Small Bulgarian Town Sets Up Municipal Gardens to Grow Organic Produce for Kindergartens

Troyan, a small town in North Central Bulgaria, has set up this country's first municipal organic gardens to grow produce for the kindergartens in the town and in nearby Oreshak. The initiative implements a local programme for child and youth health care, Troyan Mayor Donka Mihailova said.

Bio-vegetables

The project has two orchards, hothouses and a vegetable garden. In the Mayor's words, this is one way to provide a healthy diet for the children. Troyan has plenty of municipal land and available workforce. Before starting the project, the town studied the experience of a French municipality and consulted partners in Italy.

One orchard is 0.3 ha and has been planted with 556 apple saplings, which are expected to produce some 10 tonnes of apples a year. The municipality has calculated that the kindergarten children need about 7 tonnes. There is also an orchard with the emblematic local fruit, plums. The 0.3 ha orchard was planted about five years ago and is expected to yield between 900 and 1,500 kg of fruit a year.

Three hothouses grow organic vegetables and have lettuce and green onions ready for harvesting.

Tomatoes will be planted in mid-April, and cucumbers and pepper will follow, Mihailova said. The entire effor is in the care of a horticulturist, with gardeners and workers of the municipal community service company lending a hand when there is more work, including the planting or harvesting periods.

Even the municipal administration takes part sometimes.
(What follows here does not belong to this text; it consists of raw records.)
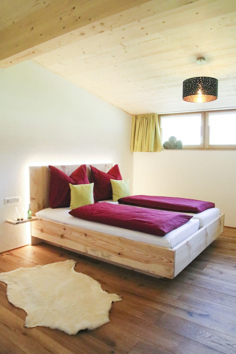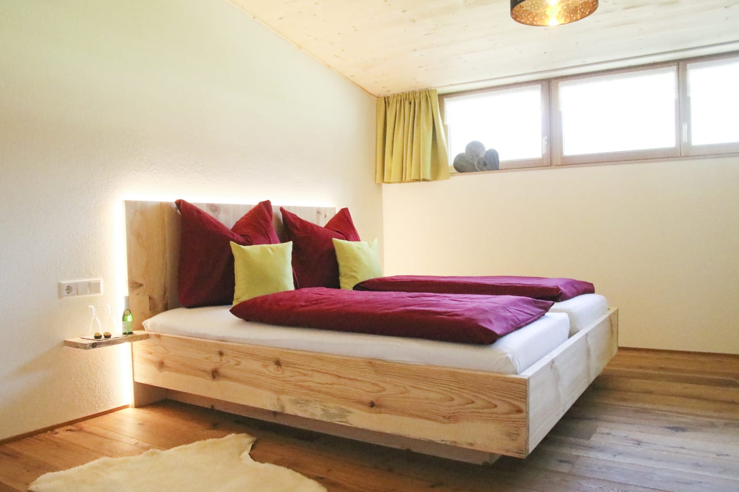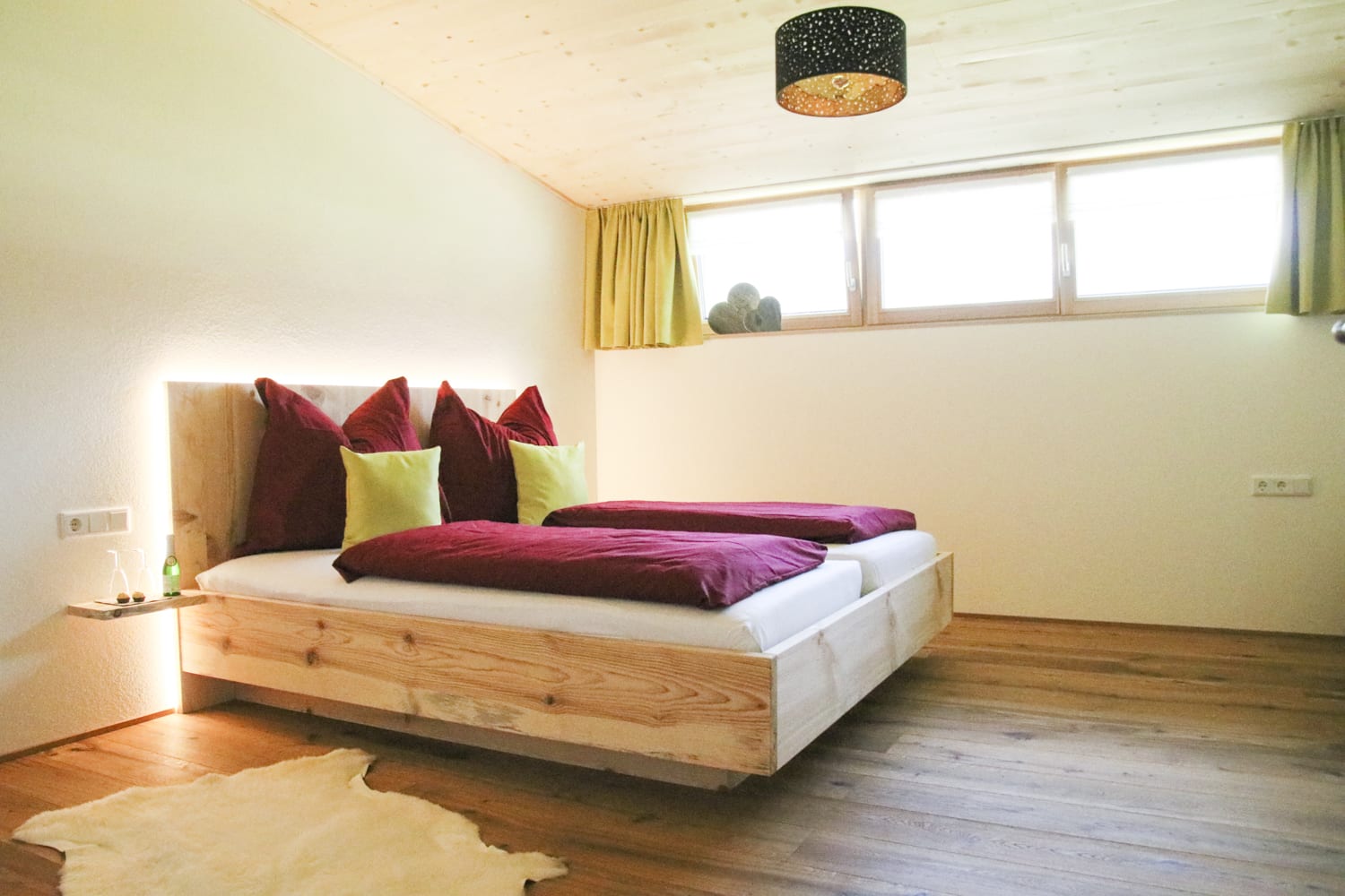 Neues, allergikerfreundliches Apartment mit Bergblick zur Kanisfluh. Voll ausgestattete Wohnküche mit Balkon und Outdoor-Sofa im Dachgeschoss. 2 separate Schlafzimmern mit Vollholzbetten inkl. Bettdecken mit Überlänge. Badezimmer mit begehbarer Dusche und exklusivem Doppel-Holzwaschbecken und separatem WC. Selbstverständlich stellen wir Ihnen Bettwäsche und Handtücher zur Verfügung.
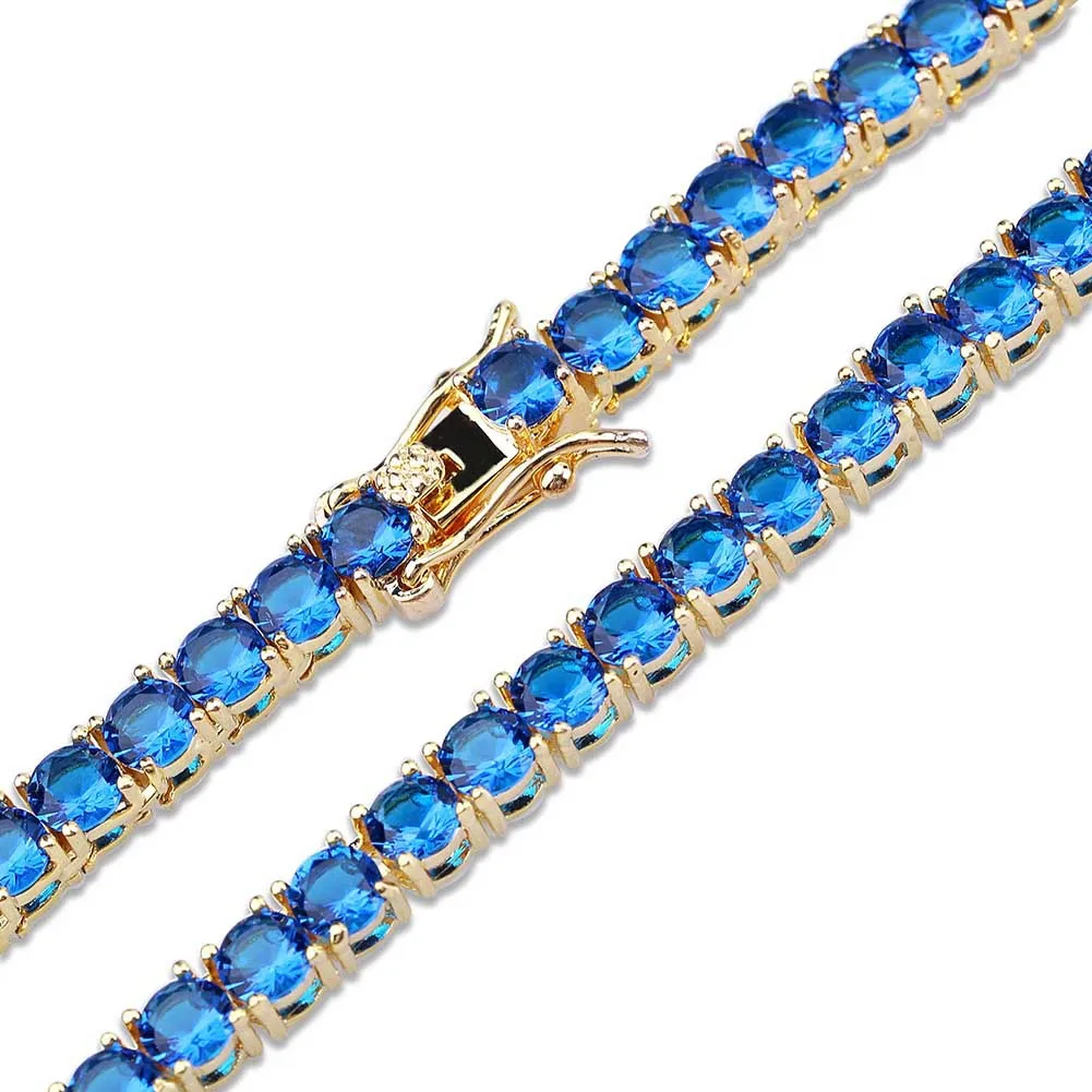 Высокое качество 4 мм Iced Out Синий Красный CZ теннисная цепочка Ожерелье для мужчин хип-хоп/панк золотой серебряный цвет персонализированные цепочки ювелирные изделия подвески
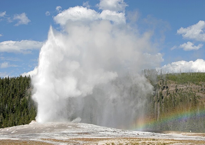Ausbruch des Geysirs Old Faithful im Yellowstone-Nationalpark, mit Regenbogen, Wyoming, Vereinigte Staaten
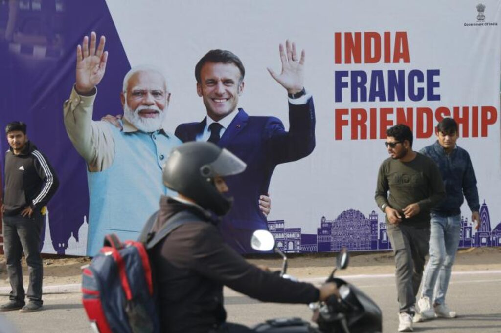 Narendra Modi, qui avait été l'invité d'honneur pour le défilé militaire du 14 juillet à Paris, lui rend la pareille six mois plus tard alors que le partenariat industriel et militaire s'intensifie entre les deux pays.
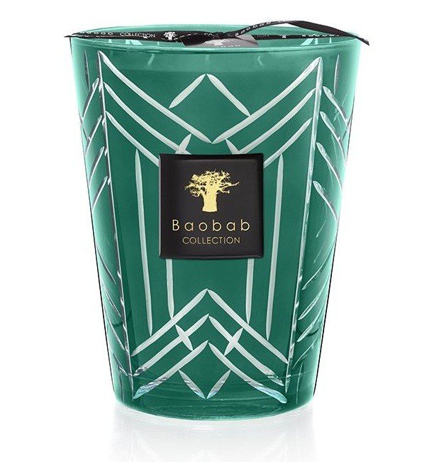 Baobab, Gatsby: Με έντονο άρωμα από θυμίαμα, american pepper και κεχριμπάρι, το κερί αυτό είναι τοποθετημένο σε χειροποίητο γυαλί, το οποίο είναι χαραγμένο στο χέρι από τους τεχνίτες του διάσημου οίκου αρωμάτων και ξεχωρίζει για τον γεωμετρικό art deco σχεδιασμό του. Σε πράσινο χρώμα, η επιφάνειά του παραμένει διαφανής, προσφέροντάς ένα πολύτιμο και μαγικό look όταν αντανακλάται το φως της φλόγας σε αυτό.

They still have not calculated how much it will cost, for a lot is unknown, but in any case a large amount of money will be saved. As a result, kindergarten fees will not have to be hiked, which benefits young families in smaller towns, says the Mayor.

A total of 750 children are enrolled in the kindergartens in Troyan Municipality. The municipal team also has plans to have its own beehives to produce honey for the local kindergarten children, and to collect herbs from the mountains near Troyan and use them in the diet of the appropriate age groups.

The team are thinking of ways to get the children of the local Day Centre for Children and Youths involved in gardening: plant vegetables and flowers, and be able to sell and earn an income of their own.

This will establish a small-size social enterprise for the disabled children and young people at this facility.